__Task details__:
Taking the entries below, transcribe only the lines starting with the one with "Την πρώτη του" and going on through the one with "滴天居士2024年2月17日生肖运势", exactly as written, without the pictures.

(Data to process begins)

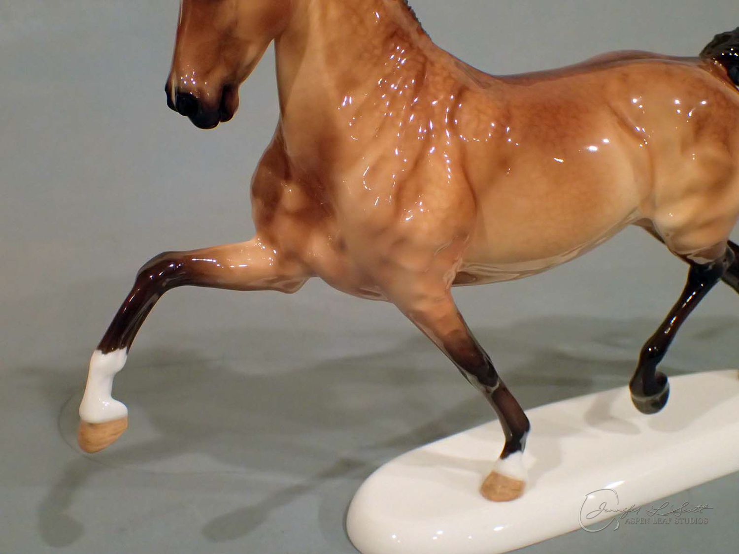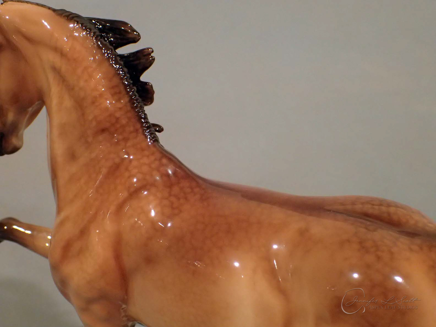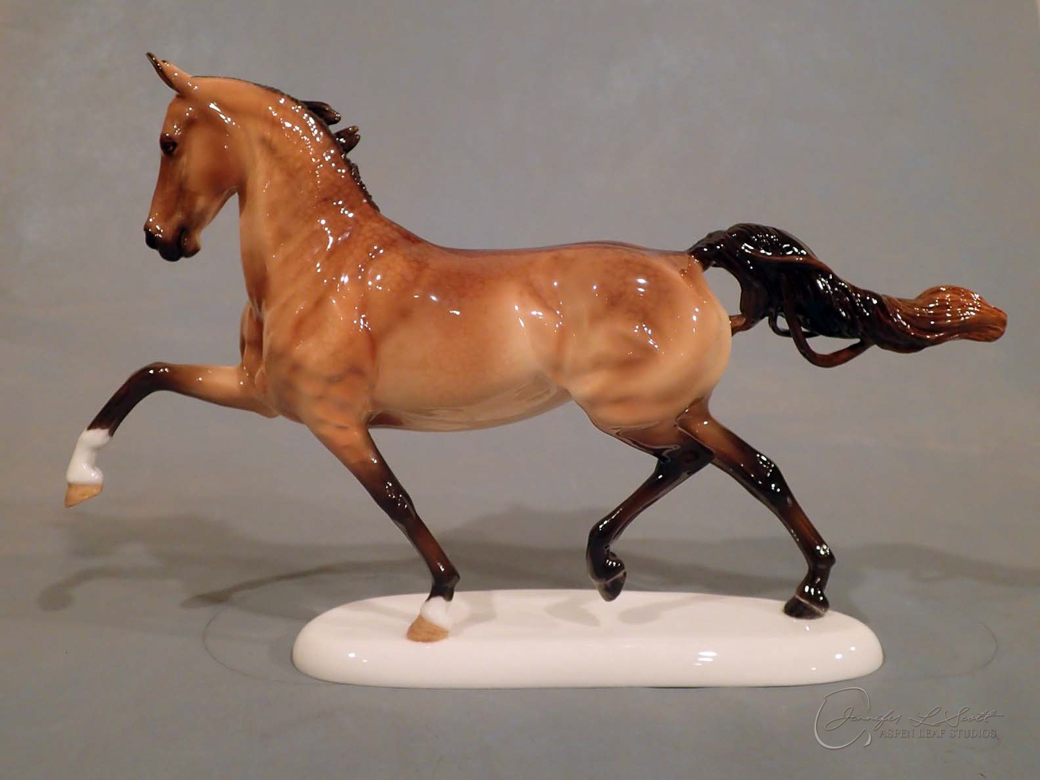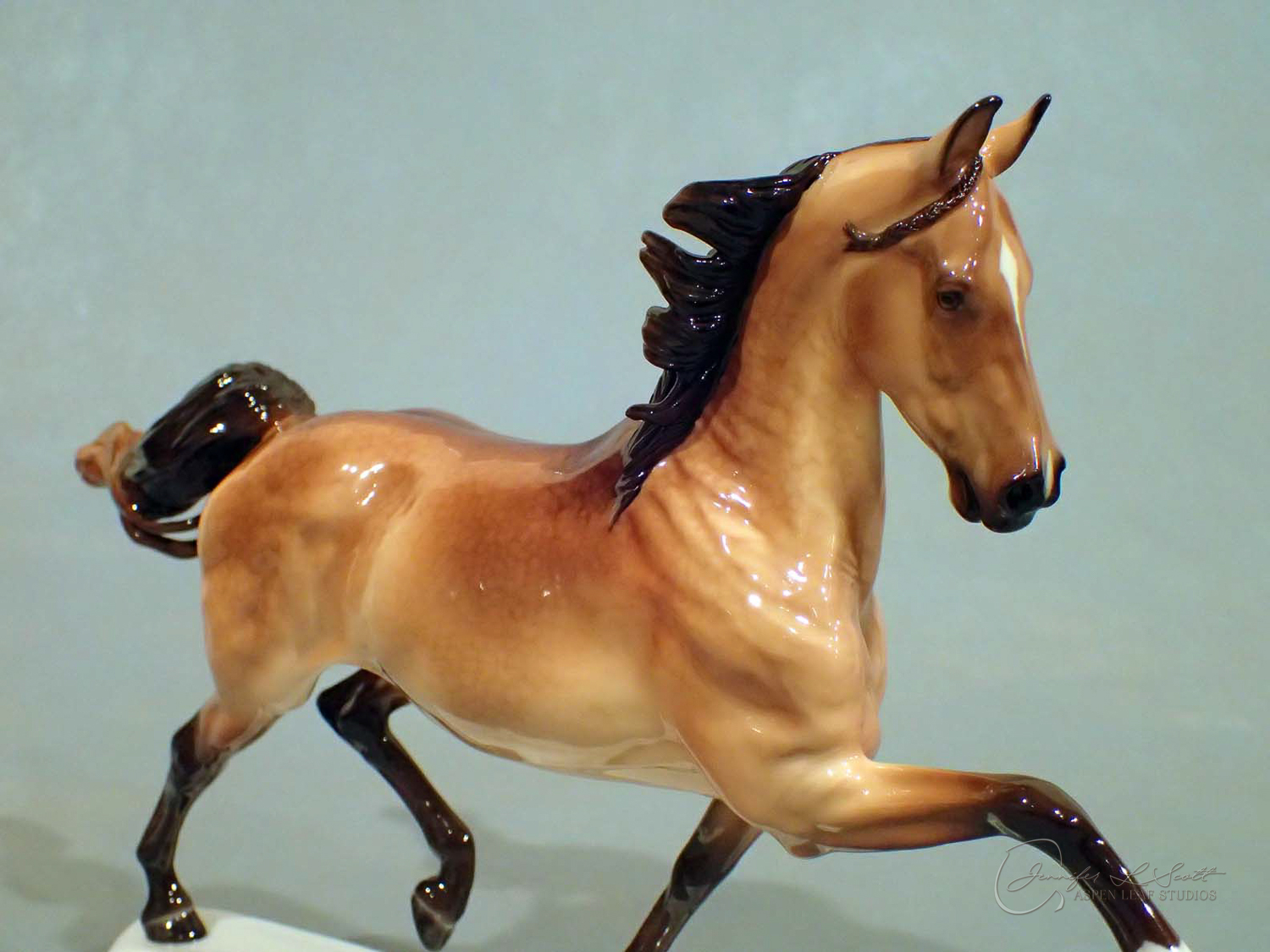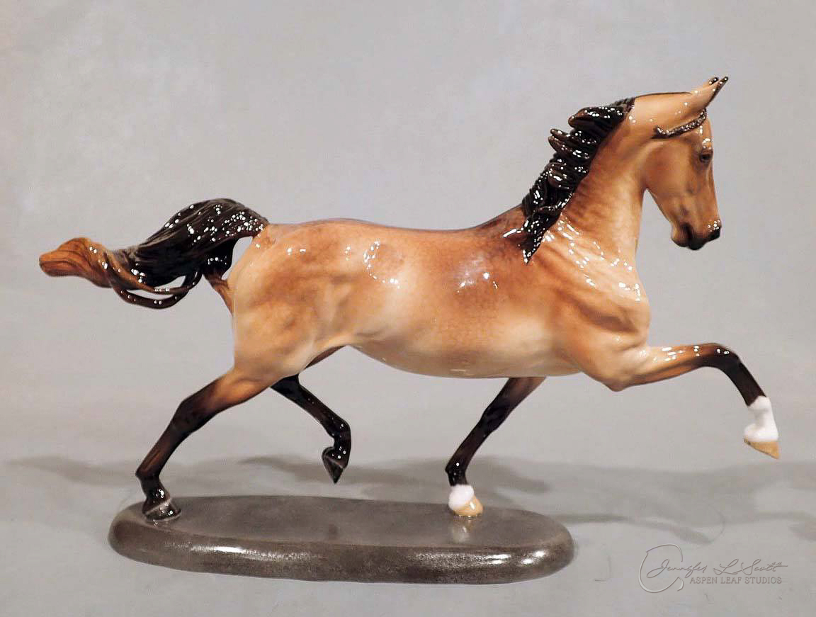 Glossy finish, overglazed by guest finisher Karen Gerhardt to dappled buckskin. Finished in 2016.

(Data to process ends)
(Data to process begins)

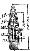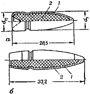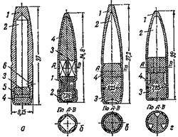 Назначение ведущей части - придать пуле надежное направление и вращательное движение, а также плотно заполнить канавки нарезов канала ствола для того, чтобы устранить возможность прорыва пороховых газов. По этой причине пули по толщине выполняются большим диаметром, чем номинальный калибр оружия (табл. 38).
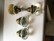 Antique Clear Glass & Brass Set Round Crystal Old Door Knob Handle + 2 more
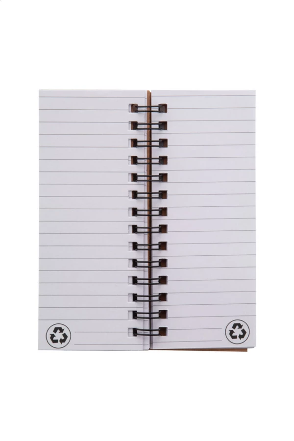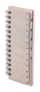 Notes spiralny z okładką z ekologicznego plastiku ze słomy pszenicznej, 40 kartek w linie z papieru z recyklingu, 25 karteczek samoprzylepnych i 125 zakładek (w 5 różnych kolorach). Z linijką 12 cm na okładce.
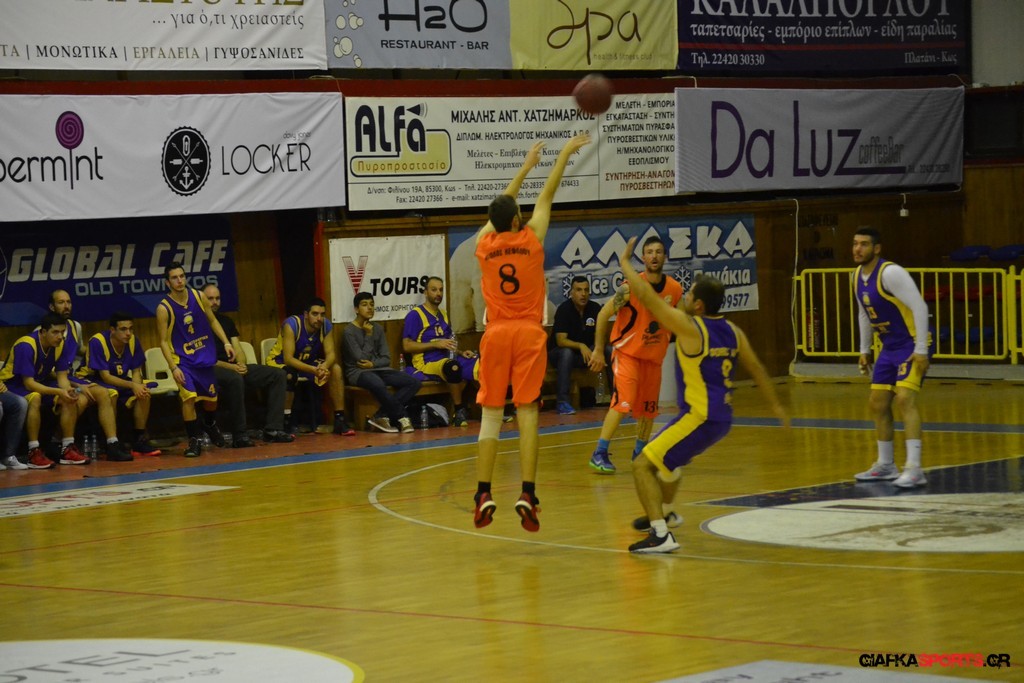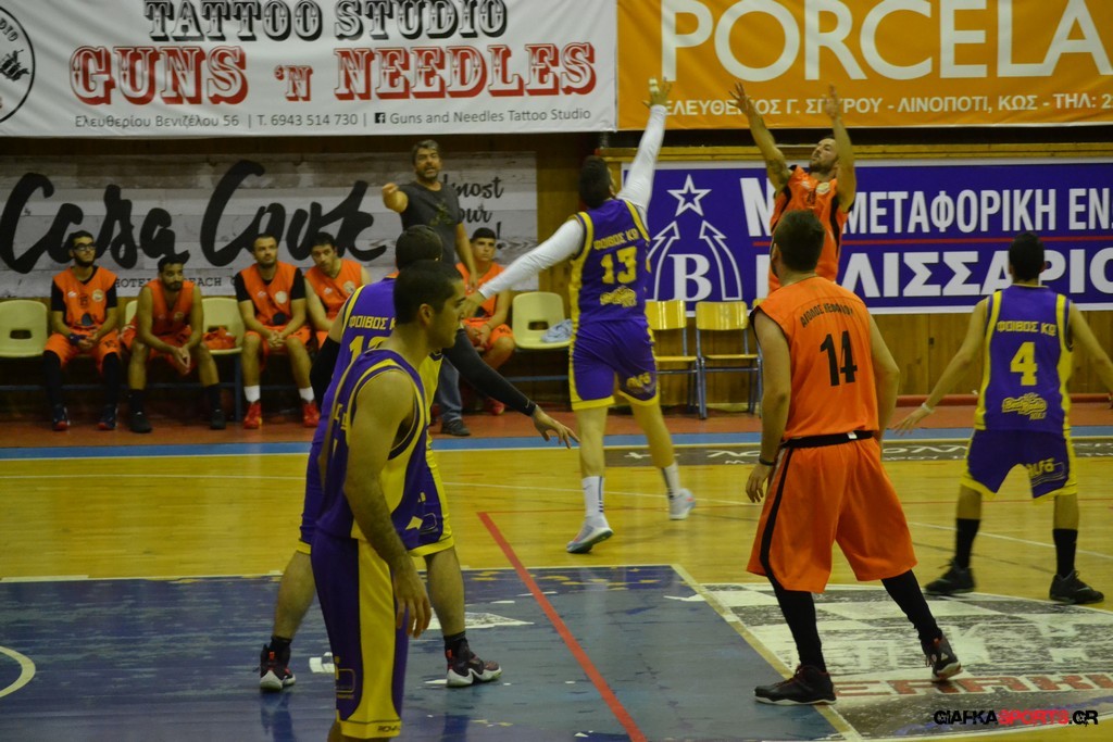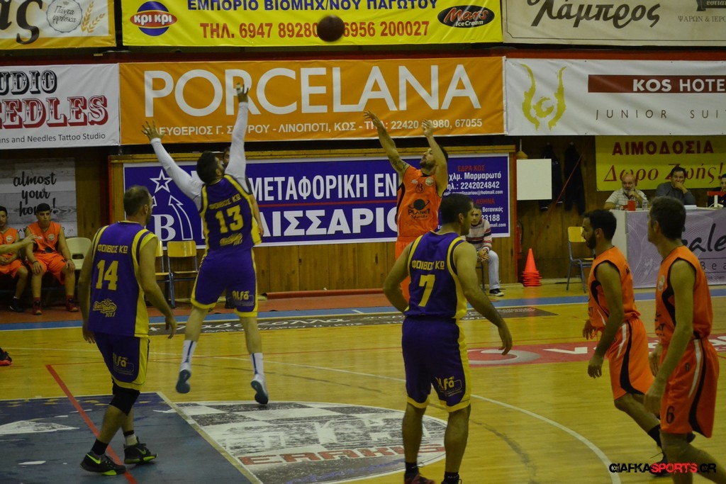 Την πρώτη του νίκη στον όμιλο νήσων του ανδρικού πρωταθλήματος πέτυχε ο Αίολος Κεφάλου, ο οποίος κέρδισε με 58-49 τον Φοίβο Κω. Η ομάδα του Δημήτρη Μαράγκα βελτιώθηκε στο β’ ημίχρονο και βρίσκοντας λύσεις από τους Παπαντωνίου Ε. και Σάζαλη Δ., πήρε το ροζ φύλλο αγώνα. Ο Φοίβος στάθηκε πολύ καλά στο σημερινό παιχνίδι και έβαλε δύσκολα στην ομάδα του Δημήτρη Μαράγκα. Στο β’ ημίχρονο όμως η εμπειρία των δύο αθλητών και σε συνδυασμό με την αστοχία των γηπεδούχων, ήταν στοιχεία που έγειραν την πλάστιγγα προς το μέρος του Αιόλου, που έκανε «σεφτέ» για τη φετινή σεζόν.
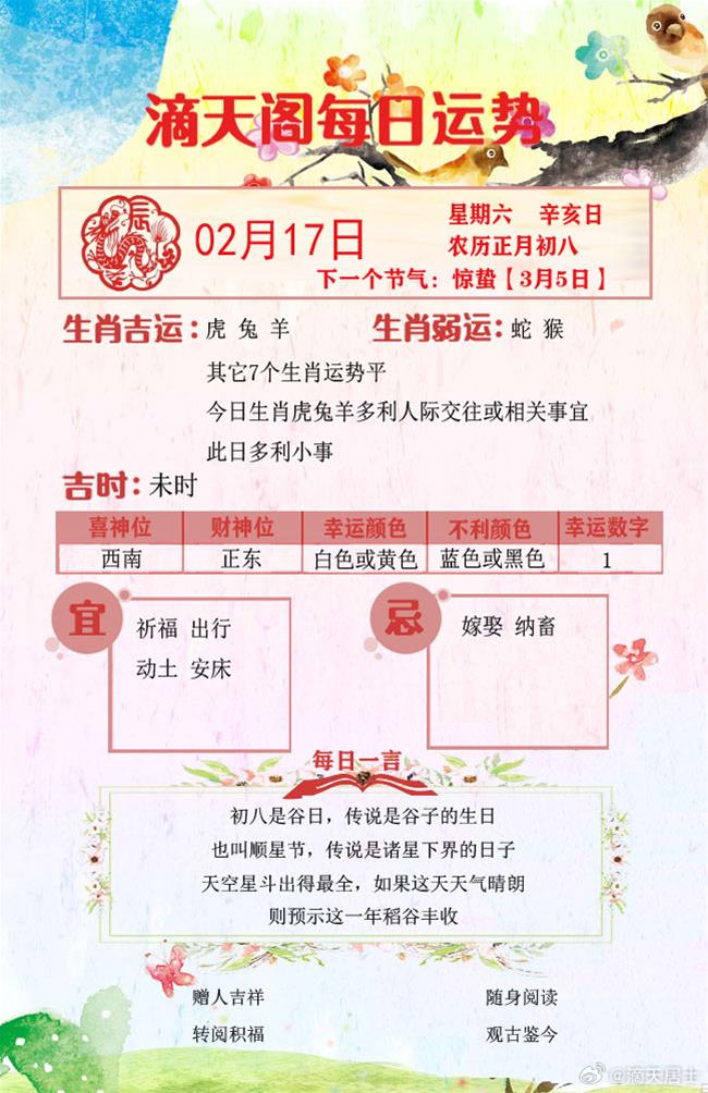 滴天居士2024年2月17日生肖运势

(Data to process ends)
(Data to process begins)

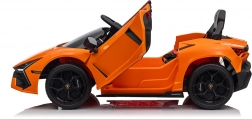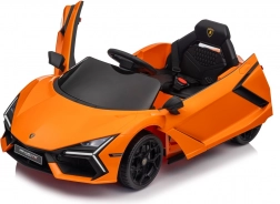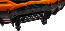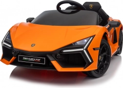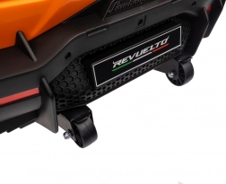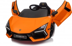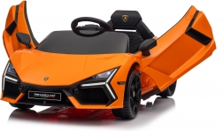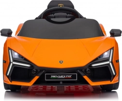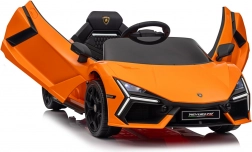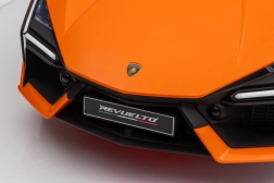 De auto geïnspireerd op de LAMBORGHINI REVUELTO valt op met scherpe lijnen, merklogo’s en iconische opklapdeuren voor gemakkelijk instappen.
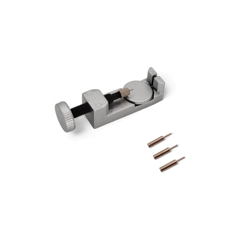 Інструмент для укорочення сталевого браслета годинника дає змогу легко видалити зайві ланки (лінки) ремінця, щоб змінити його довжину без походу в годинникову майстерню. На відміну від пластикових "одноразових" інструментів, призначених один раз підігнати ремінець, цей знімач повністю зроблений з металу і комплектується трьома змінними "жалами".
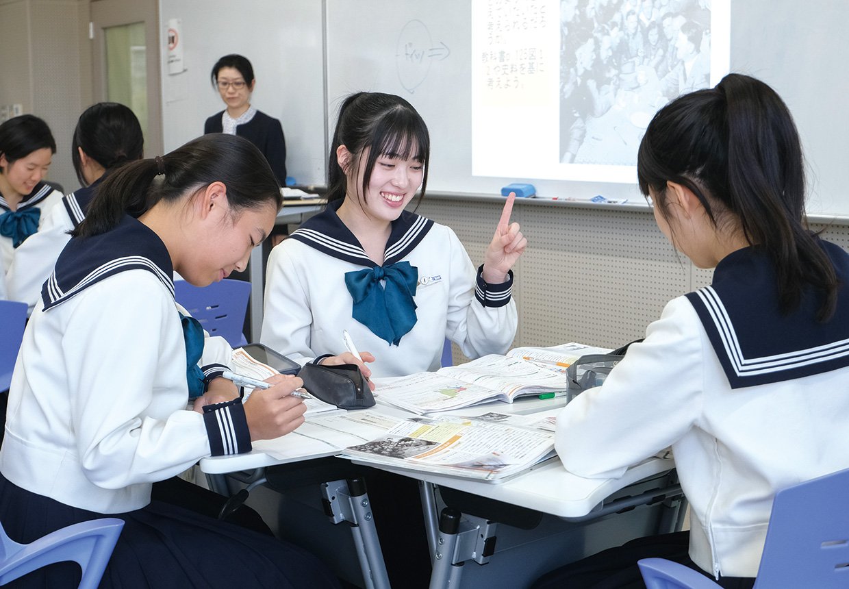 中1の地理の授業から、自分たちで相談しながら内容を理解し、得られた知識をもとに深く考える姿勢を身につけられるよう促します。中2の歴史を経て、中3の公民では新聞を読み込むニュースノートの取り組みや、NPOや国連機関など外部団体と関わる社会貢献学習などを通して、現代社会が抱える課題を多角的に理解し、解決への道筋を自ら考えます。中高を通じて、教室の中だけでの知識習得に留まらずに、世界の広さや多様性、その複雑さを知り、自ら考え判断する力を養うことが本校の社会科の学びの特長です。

(Data to process ends)

__Exercise answer__:
 Την πρώτη του νίκη στον όμιλο νήσων του ανδρικού πρωταθλήματος πέτυχε ο Αίολος Κεφάλου, ο οποίος κέρδισε με 58-49 τον Φοίβο Κω. Η ομάδα του Δημήτρη Μαράγκα βελτιώθηκε στο β’ ημίχρονο και βρίσκοντας λύσεις από τους Παπαντωνίου Ε. και Σάζαλη Δ., πήρε το ροζ φύλλο αγώνα. Ο Φοίβος στάθηκε πολύ καλά στο σημερινό παιχνίδι και έβαλε δύσκολα στην ομάδα του Δημήτρη Μαράγκα. Στο β’ ημίχρονο όμως η εμπειρία των δύο αθλητών και σε συνδυασμό με την αστοχία των γηπεδούχων, ήταν στοιχεία που έγειραν την πλάστιγγα προς το μέρος του Αιόλου, που έκανε «σεφτέ» για τη φετινή σεζόν.
 滴天居士2024年2月17日生肖运势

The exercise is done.